Gen. Ahmed Ibrahim, a senior deputy interior minister who oversees the Baghdad traffic police, condemned the attack as the act of a “coward.” He noted that the Baghdad Clinic, the eight-story hospital across from the hotel, was heavily damaged. More than 20 patients were evacuated, including several who were elderly, he said.
“It’s no good for Iraq and no good for any people in the world,” he said at the scene.
The explosion occurred as the U.S. military, joined by Iraqi security forces, launched an effort to arrest suspected terrorists and capture illegal weapons and bomb-making materials in Baghdad. The effort, called Operation Iron Promise, began Tuesday night with a raid on a suspected arms market and other targets.
The operation was intended to take advantage of the large number of U.S. troops in Baghdad. Over the next few weeks, the 1st Armored Division is to return to Germany and hand over control of Baghdad to the 1st Cavalry Division, based in Fort Hood, Texas.
The operation also was meant to demonstrate the increasing role of Iraqi forces, including the new U.S.-trained Civil Defense Corps, in maintaining order in the capital.
“It should also be a very clear warning to the extremists in Baghdad not to misinterpret the transfer of authority that’s ongoing here in Baghdad,” said a military spokesman, Army Brig. Gen. Mark Kimmitt. “Over the next few days you’re going to see significant activities by Iraqi forces, outgoing 1st Armored Division forces, incoming 1st Cavalry Division forces, using actionable intelligence to kill and capture enemies of the Iraqi people and enemies of the coalition forces here in Baghdad.”
Earlier Wednesday in Baghdad, a U.S. soldier and two Iraqi children were injured in a bombing in Karrada near Saddoun Street, a commercial artery.
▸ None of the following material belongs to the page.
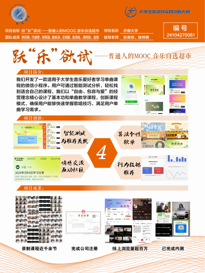 跃“乐”欲试——普通人的MOOC音乐自选超市项目基于信息碎片化时代民众追求高效率活动的背景,在前期市场调研阶段时我们发现市场中存在单曲学习需求,并且绝大多数老员工音乐爱好者想拥有个性化程度高、灵活性强、富有人文关怀的音乐课程。基于调研结果,项目开发了一款微信小程序,为老员工音乐爱好者提供多元单曲课程以供使用学习。课程组成员创新式设计全新教学法,小程序内嵌智能水平评估与推荐系统、情感交流互动版块,为用户形成专属自己的个性化音乐世界。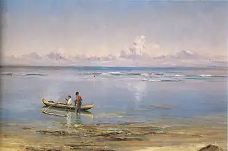 Alfred Richard Gurrey Sr. (1852–1944) was an English-born landscape painter who moved to the United States at age 20. In 1900, his employer, Fireman's Fund Insurance Company, transferred him from San Francisco to Hawaii. In Hawaii, he worked as an insurance adjuster and was secretary of the Board of Fire Underwriters of the Territory of Hawaii. Although without formal art training, he painted Hawaiian landscapes and opened an art and antiques store in Honolulu.[1] Gurrey was a member of the Kilohana Art League.[2] In 1916, he retired from the Board of Fire Underwriters and moved to Kauai, where he continued to paint. His son, Alfred Richard Gurrey Jr. (1874–1928) and daughter-in-law, Caroline Haskins Gurrey (1875–1927), were photographers active in Hawaii.

The soldier was attending a meeting of the local neighborhood council when the suspected roadside bomb went off around 4:30 p.m., Kimmitt said.
The attack on the hotel 3 1/2 hours later sent a ripple of fear and anger through the neighborhood. Emotions ran especially high among the neighbors who narrowly avoided getting hurt.
“This is Islamic?” Atheer Nouri, 40, said angrily. “This is not Islam.” Nouri’s metal front door was blown into his living room by the explosion. A two-foot blackened shard from an automobile had landed in the courtyard in front of his apartment.
Jamal Baban, 50, an unemployed laborer who lives a few dozen yards from the hotel, was in his living room when he heard the blast. Inside his children’s bedroom, large chunks of concrete blanketed the bed of his 13-year-old son, Muhammad, all but obscuring the blue sheet underneath.
Muhammad and his 10-year-old sister were visiting an uncle at the time of the explosion, and Baban’s two teen-age daughters were watching television in the living room. “Thanks be to God,” Baban said, holding an oil lamp because the electricity had been knocked out.
Baban’s sister, Sanaa Baban, 36, lives with their mother in the adjacent apartment house. “It was like an earthquake,” she said. “The house started shaking.”
She began praying from the Koran, reciting the central article of her faith: “There is no god but God, and Muhammad is his prophet.”
Plaster flakes from the ceiling littered the room. Sanaa Baban cut her right hand trying to clean up shards of window glass. “When the war happened, it was very far from here, not inside the capital,” she said. “Now, what God has written for us, we will see.”